Collected data entries
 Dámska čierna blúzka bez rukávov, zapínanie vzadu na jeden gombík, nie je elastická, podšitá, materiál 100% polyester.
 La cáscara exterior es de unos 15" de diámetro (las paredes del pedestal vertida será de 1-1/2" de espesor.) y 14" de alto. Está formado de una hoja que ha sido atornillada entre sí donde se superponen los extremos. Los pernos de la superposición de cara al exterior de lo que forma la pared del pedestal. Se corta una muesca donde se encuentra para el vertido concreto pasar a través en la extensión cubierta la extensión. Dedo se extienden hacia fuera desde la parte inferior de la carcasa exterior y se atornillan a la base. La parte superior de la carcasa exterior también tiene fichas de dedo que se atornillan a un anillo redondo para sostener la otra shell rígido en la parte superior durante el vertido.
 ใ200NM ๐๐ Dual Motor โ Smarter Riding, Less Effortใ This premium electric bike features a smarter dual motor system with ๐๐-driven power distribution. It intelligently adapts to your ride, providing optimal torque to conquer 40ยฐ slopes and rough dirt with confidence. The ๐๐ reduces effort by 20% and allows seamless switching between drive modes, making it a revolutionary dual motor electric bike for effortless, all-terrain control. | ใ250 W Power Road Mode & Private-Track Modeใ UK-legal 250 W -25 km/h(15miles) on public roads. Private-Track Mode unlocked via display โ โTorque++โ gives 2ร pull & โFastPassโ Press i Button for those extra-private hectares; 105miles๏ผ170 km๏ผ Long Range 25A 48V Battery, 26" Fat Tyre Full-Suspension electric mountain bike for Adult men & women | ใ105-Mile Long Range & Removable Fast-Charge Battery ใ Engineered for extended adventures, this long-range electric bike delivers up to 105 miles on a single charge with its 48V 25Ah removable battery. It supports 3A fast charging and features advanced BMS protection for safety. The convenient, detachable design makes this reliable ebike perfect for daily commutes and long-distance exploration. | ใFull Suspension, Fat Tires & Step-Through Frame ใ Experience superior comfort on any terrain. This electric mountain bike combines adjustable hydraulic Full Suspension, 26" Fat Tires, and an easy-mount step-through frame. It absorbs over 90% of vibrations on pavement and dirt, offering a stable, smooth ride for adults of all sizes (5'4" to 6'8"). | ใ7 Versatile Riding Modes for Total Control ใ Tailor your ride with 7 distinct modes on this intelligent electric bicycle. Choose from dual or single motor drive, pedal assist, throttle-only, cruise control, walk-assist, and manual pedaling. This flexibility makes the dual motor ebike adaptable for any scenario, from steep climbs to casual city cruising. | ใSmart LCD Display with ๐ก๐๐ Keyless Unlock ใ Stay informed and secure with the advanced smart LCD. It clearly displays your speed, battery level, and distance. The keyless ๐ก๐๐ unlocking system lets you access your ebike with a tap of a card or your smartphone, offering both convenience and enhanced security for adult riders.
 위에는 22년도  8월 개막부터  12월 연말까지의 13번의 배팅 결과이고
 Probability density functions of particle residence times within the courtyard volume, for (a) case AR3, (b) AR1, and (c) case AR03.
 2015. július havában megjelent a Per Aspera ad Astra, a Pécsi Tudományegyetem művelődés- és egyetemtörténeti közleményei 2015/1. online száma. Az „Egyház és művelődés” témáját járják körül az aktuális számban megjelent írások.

> [Assignment]: Every line from the one containing "위에는 22년도  8월 개막부터  12월 연말까지의 13번의 배팅 결과이고" through the last line of the entries must be written out verbatim, and no other line.

> [Expected answer]:
 위에는 22년도  8월 개막부터  12월 연말까지의 13번의 배팅 결과이고
 Probability density functions of particle residence times within the courtyard volume, for (a) case AR3, (b) AR1, and (c) case AR03.
 2015. július havában megjelent a Per Aspera ad Astra, a Pécsi Tudományegyetem művelődés- és egyetemtörténeti közleményei 2015/1. online száma. Az „Egyház és művelődés” témáját járják körül az aktuális számban megjelent írások.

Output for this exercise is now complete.